Его современники были грубы
И стихам поэта не слишком рады.
Говоря о нём, поджимали губы,
Встречаясь с ним, отводили взгляды.
Знаток и ценитель латыни косной.
Серебряного века предтеча.
Напечатай сонеты его Маковский,
Возможно, сердцу бы стало легче.
У вершины Олимпа упавший наземь,
Покоряясь капризу Господня гнева,
Он остался учителем тех гимназий,
До которых нам теперь – как до неба.
Под царскосельскими облаками
Он витает в красном закатном дыме.
Посмертно обобранный учениками
И всё-таки – не превзойдённый ими.
Стыд
Снова ноябрь, по-московски сырой и гриппозный,
Мокрые вьюги и дождь ледяной во дворе.
Чувство стыда появилось сравнительно поздно,
В Греции древней, на хмурой троянской заре.

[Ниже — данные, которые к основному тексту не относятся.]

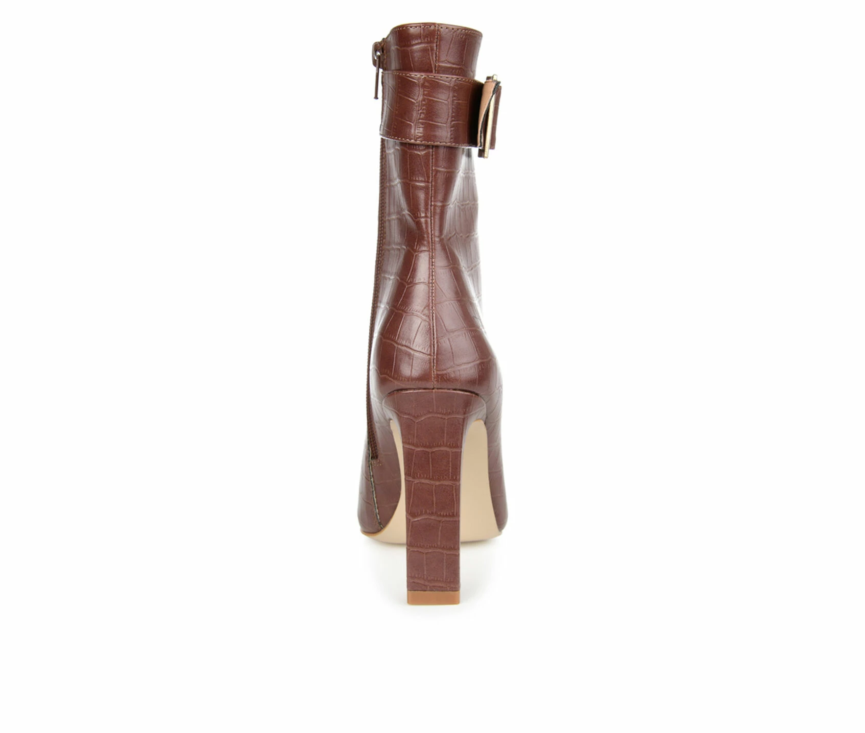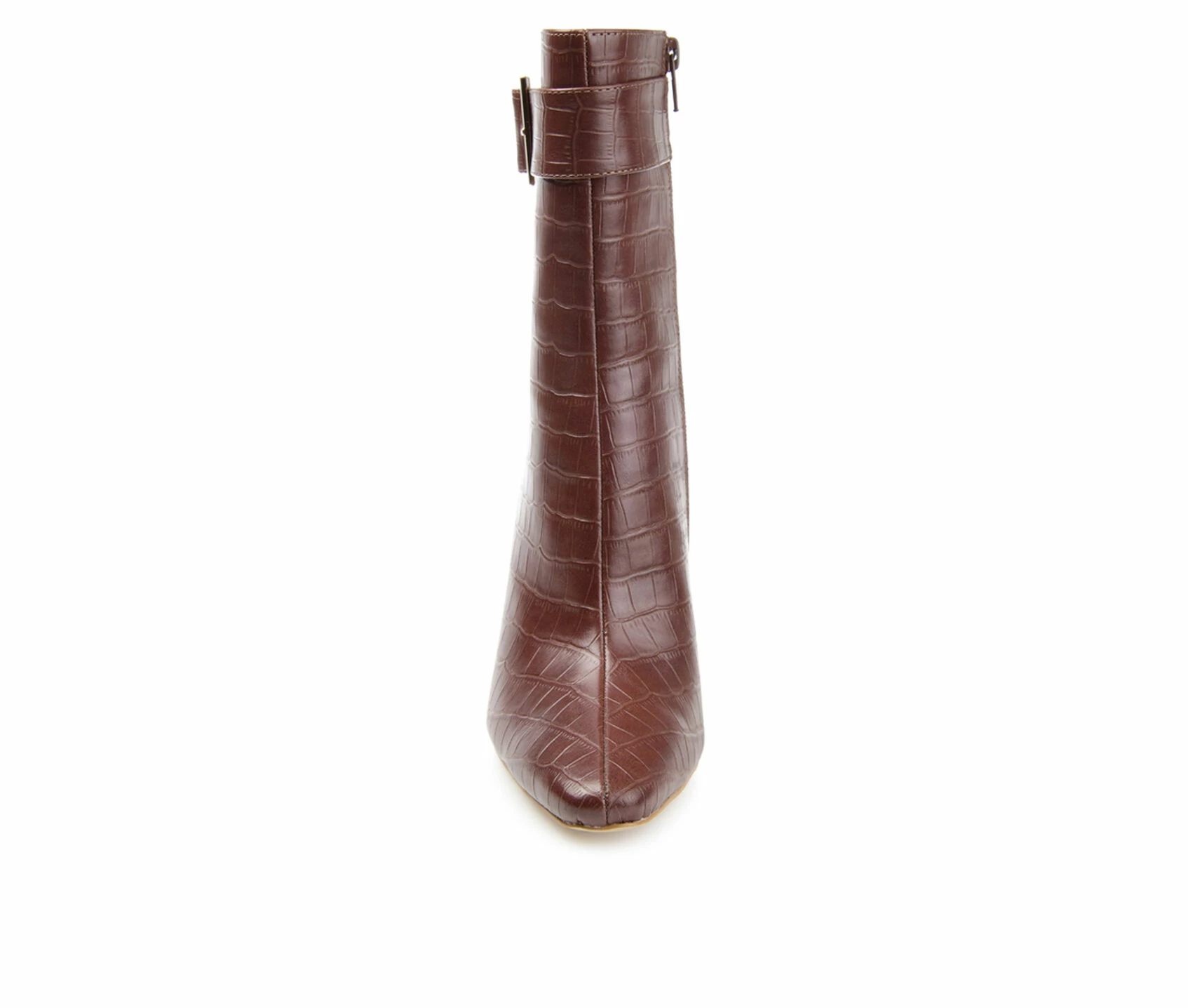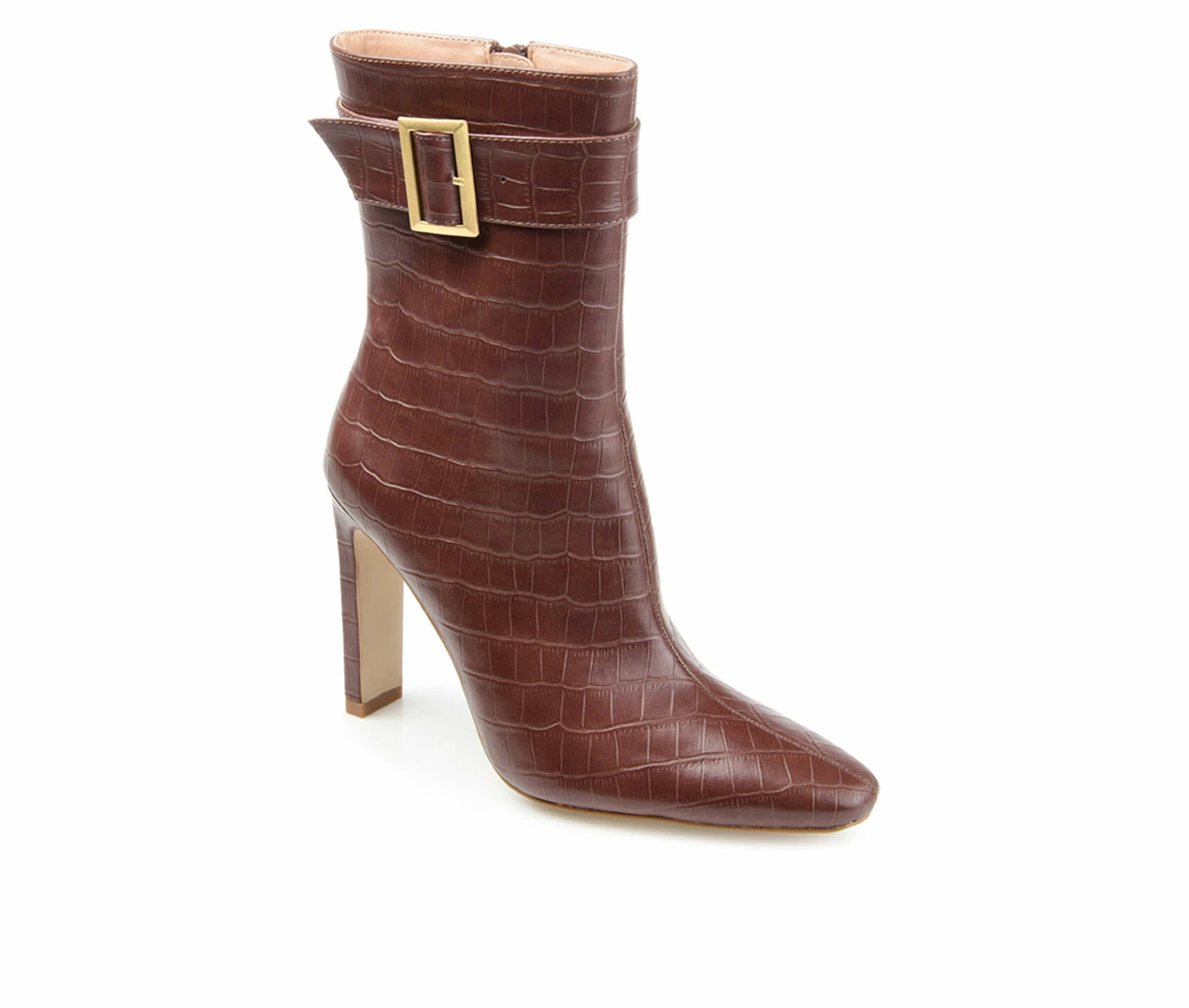 - A shapely ankle bootie that is sure to turn heads! It could only be the Elanie by Journee Collection. This croc textured vegan leather silhouette is styled with square-toe and a buckled ankle strap for an upscale look
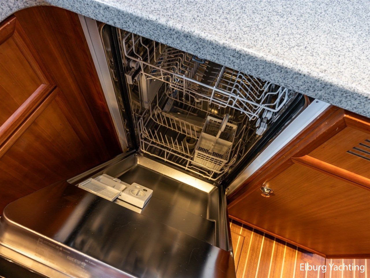 The saloon is spacious and features two sliding windows, a tilt window, and a Pioneer radio. The galley includes a Bosch dishwasher, and in the aft bathroom there is a washing machine, although its working condition is unknown.
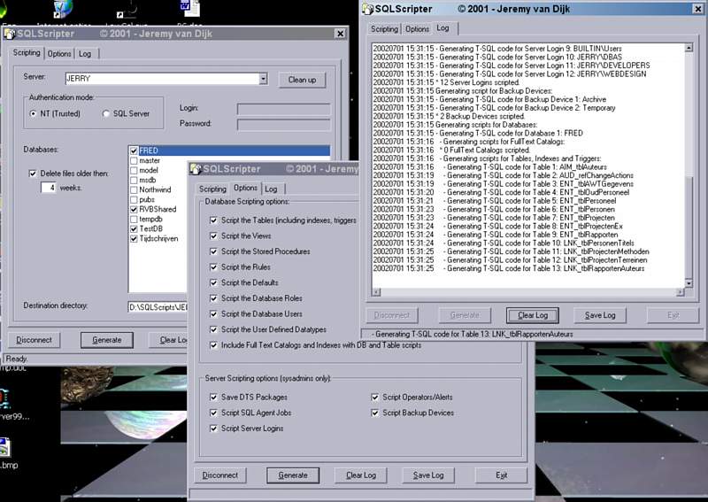 This little application uses SQLDMO to script out objects in SQL Server 7.0 databases (tables, stored procedures, views, defaults, UDTs, full text indexes, etc.), as well as SQL Agent Jobs, Server logins, Operators, Alerts and Backup Devices. It even lets you save DTS packages as Structured storage file. Can be run in GUI mode or unattended/scheduled from the command-line.
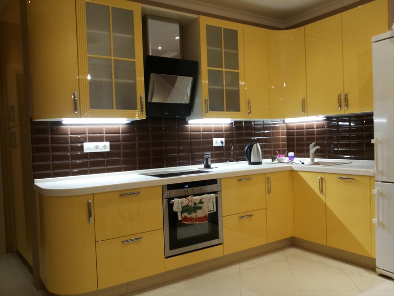 Раковина конечно сдвинута ближе к холодильнику...поставить его к окну не получится,очень он у нас большой...а менять его не хочу...моя мечта конечно вдоль окна сделать рабочую зону,но глубина откосов всего 12см и высота окна не позволяет этого сделать...Дверцы пенала будут стеклянными но крашеными в тон гарнитура..внутри планирую сделать подсветку чтобы он как то светился в углу и не смотрелся культяпкой..Кстати можно посоветоваться насчет цвета?..Хочу светлые фасады +темную столешницу..Как?
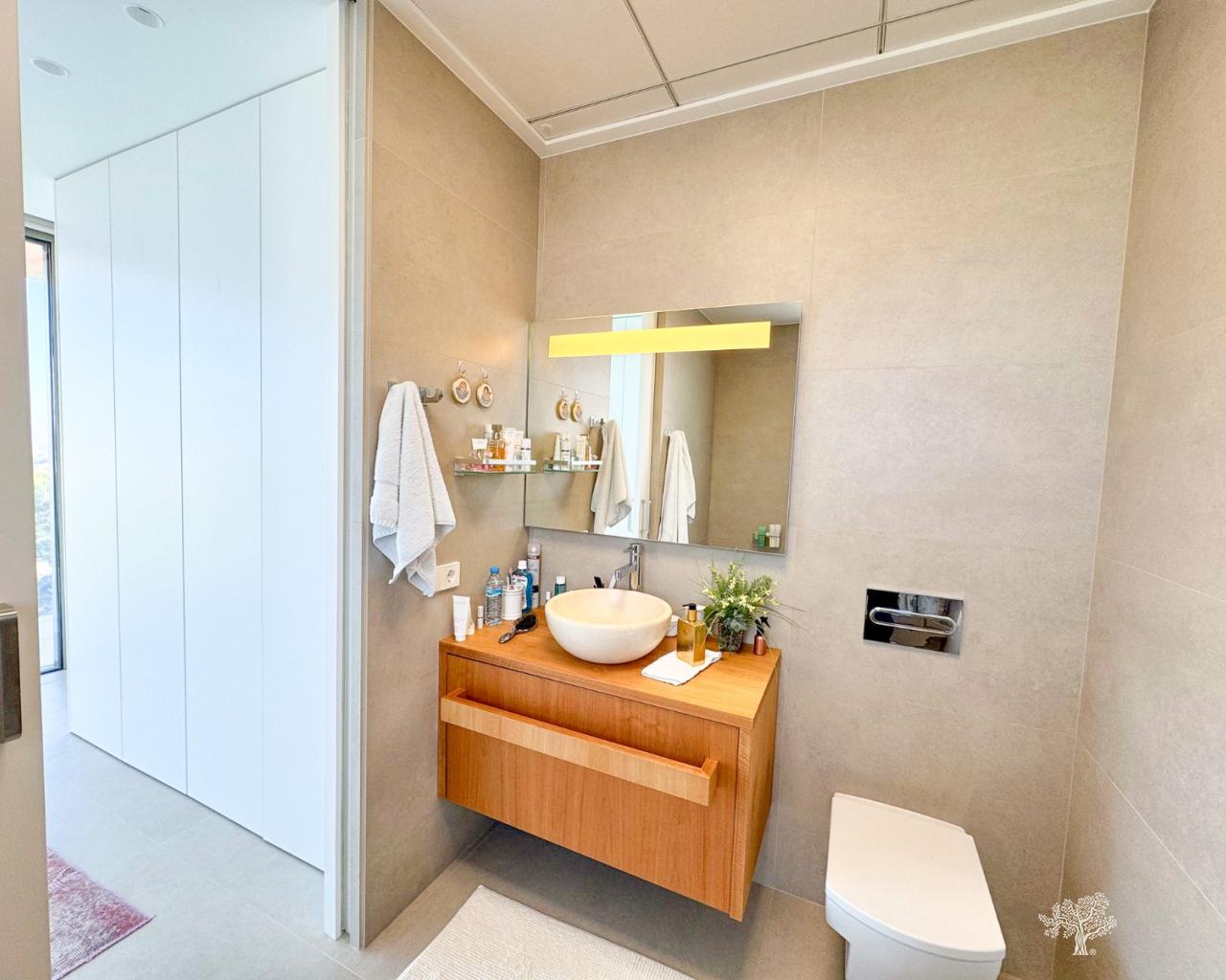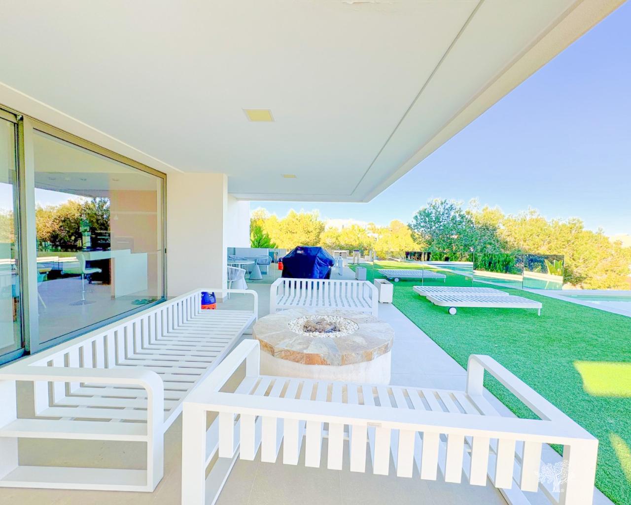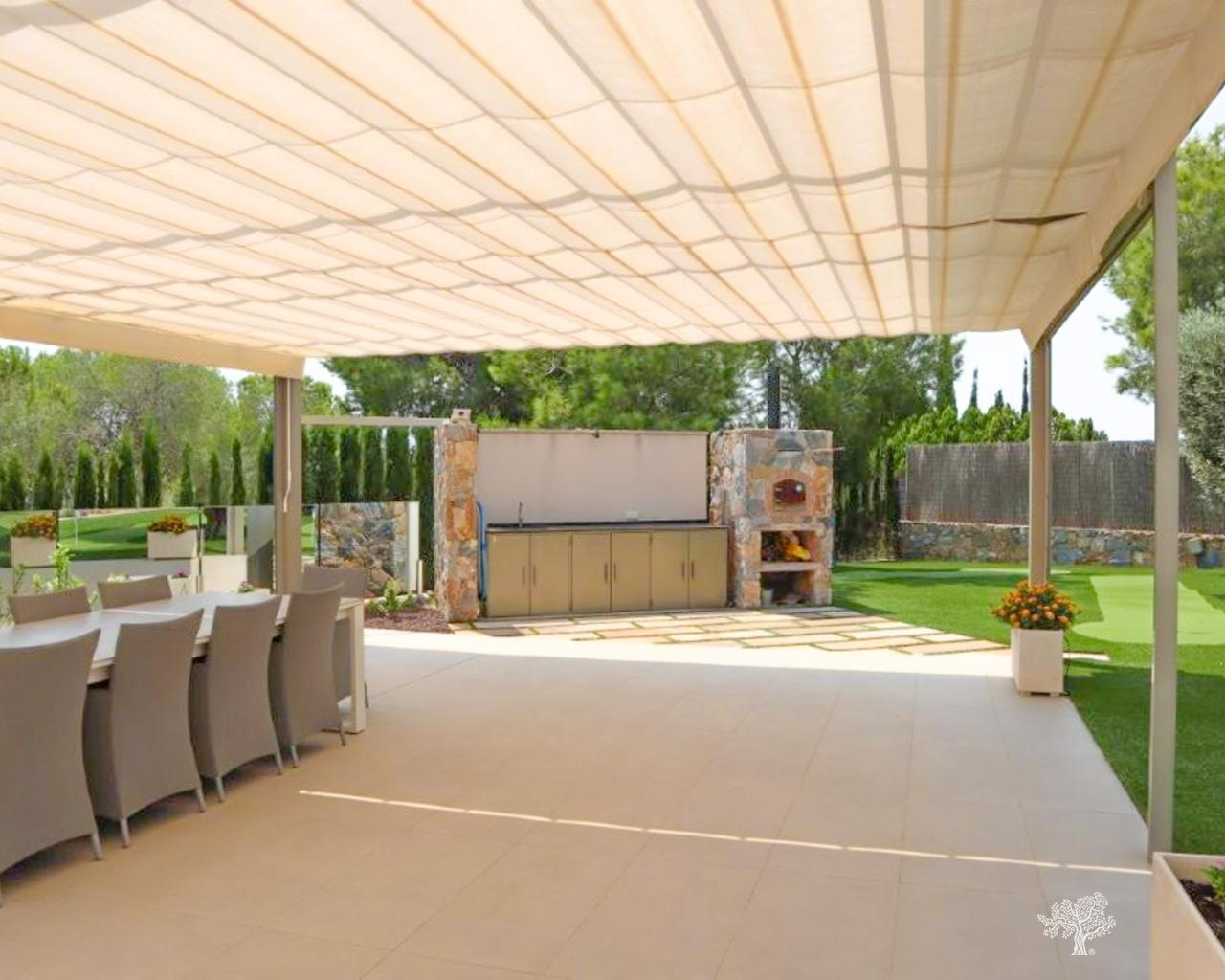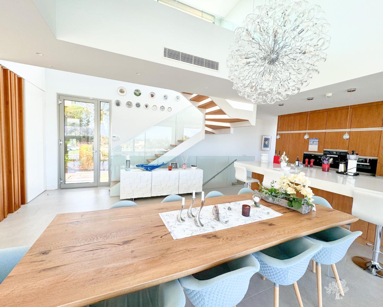 Wunderschöne, freistehende Villa im modernen Stil in der Gemeinde Olivo mit privatem Pool, großem Garten und privatem Tennisplatz. Diese Villa besteht aus 5 Schlafzimmern, 4 Badezimmern + Gäste-WC, privatem Pool mit automatischer Abdeckung und Wärmepumpe, Garage und großzügigen Terrassen mit freiem Blick auf das Meer. Das Grundstück bietet über 1765 m2 mit einer bebauten Fläche von 436 m2 und 176 m2 Terrassen. Sehr private und ruhige Lage innerhalb der Olivo-Gemeinschaft. Die Villa ist auf zwei Ebenen gebaut + Keller und Garage mit Meerblick vom 1. Stock und der Hauptterrasse. Diese Villa wird teilweise möbliert verkauft und verfügt über viele Extras wie ein Smart-Home-System, elektrische Jalousien, eine Klimaanlage mit Klimazone, Fußbodenheizung auf beiden Ebenen (1. und Erdgeschoss) des Hauses sowie eine elektrische Abdeckung und Wärmepumpe für den privaten Pool. Landschaftsgarten auf verschiedenen Ebenen mit privatem Tennisplatz, Petanque-Platz, privatem Sitzbereich mit Pergola und Pizzaofen. Weinkeller und Fitnessraum im Untergeschoss sowie das fünfte Zimmer des Hauses mit eigenem Bad und privater Terrasse.

Неотомщённой обиды оно не простит нам,
И милосердия тоже оно не простит:
Стать победителем, кровь проливая, не стыдно, –
Стать побеждённым – вот это, действительно, стыд.
Попеременно, то слабость являя, то силу,
По лабиринту уводит непрочная нить.
В смертном бою наплевать на ахейцев Ахиллу,
Но за Патрокла не может он не отомстить.
Вечно сражаясь с людскою натурою дикой,
Кверху побеги зелёные тянет лоза.
В царстве теней нелегко будет, верно, Эдипу:
Как на родителей сможет поднять он глаза?
Стала сложнее со временем эта картина.
Вот и мои на исходе, как будто, года.
Так почему же оно на меня накатило,
Невыносимое, жгучее чувство стыда?
Стыд за мученья моих опозоренных предков,
Стыд, что по жизни не лучшею шёл из дорог.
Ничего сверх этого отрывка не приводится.